Thunberg: "Ihr habt mir meine Kindheit gestohlen"

Die Umweltaktivistin Greta Thunberg hat beim Klimagipfel in New York eine emotionale Rede gehalten.

"Ich sollte nicht hier sein, ich sollte in der Schule sein. Aber ihr habt meine Träume, meine Kindheit gestohlen. Wie könnt Ihr es wagen?", erklärte die 16-jährige Schwedin mit Tränen in den Augen und zitternder Stimme.

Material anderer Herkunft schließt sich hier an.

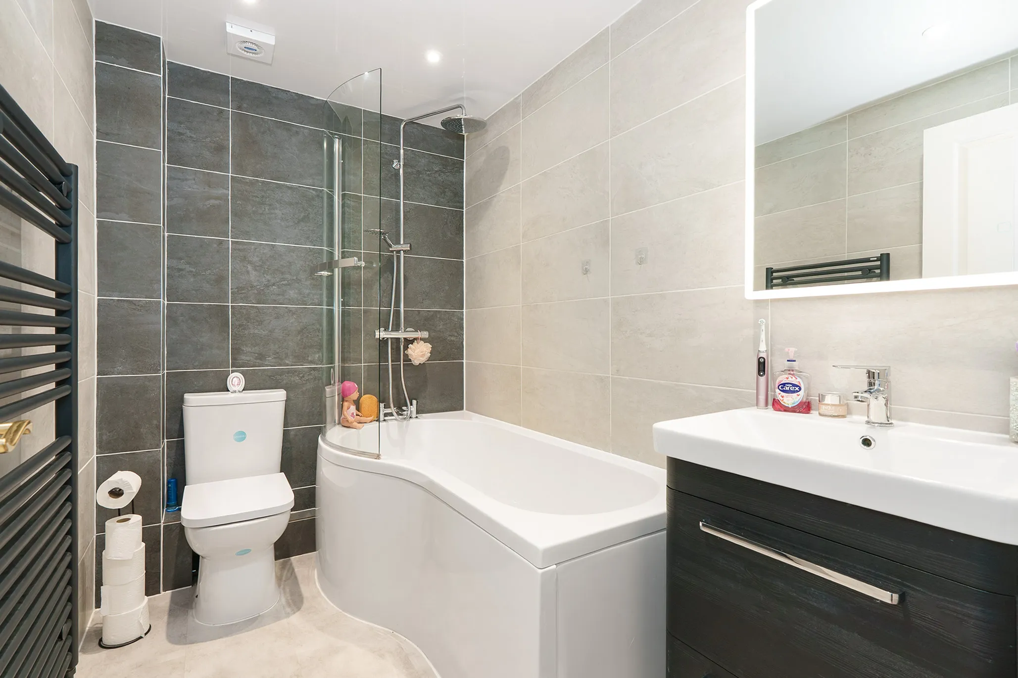 To the first floor are three bedrooms and a modern family bathroom.

Die Zukunft der Jugendlichen sei gefährdet. Obwohl Wissenschafter seit vielen Jahren vor der globalen Erwärmung warnten, schauen die Regierungen nur zu. "Wir sind Zeugen einer massiven Zerstörung. Ihr enttäuscht", sagte die Initiatorin der Bewegung "Fridays For Future". Das Verhalten der Regierungen mache sie "wütend und traurig".

Sie wolle aber immer noch nicht glauben, dass die Regierungen "böse" seien. "Aber die Jungen verstehen Euren Verrat. Die Welt wacht auf. Der Wandel kommt, ob ihr es wollt oder nicht", sagte Greta und warnte: Man werde die Regierungen mit dieser Politik nicht davonkommen lassen.

Trump überraschend dabei

Überraschend ist hingegen US-Präsident Donald Trump beim UN-Klimagipfel erschienen. Er setzte sich ins Plenum, obwohl er ursprünglich nicht an dem Treffen teilnehmen wollte.

In den letzten Jahren hat er den menschengemachten Klimawandel immer wieder angezweifelt und 2017 den Austritt seines Landes aus dem Pariser Klimaabkommen angekündigt.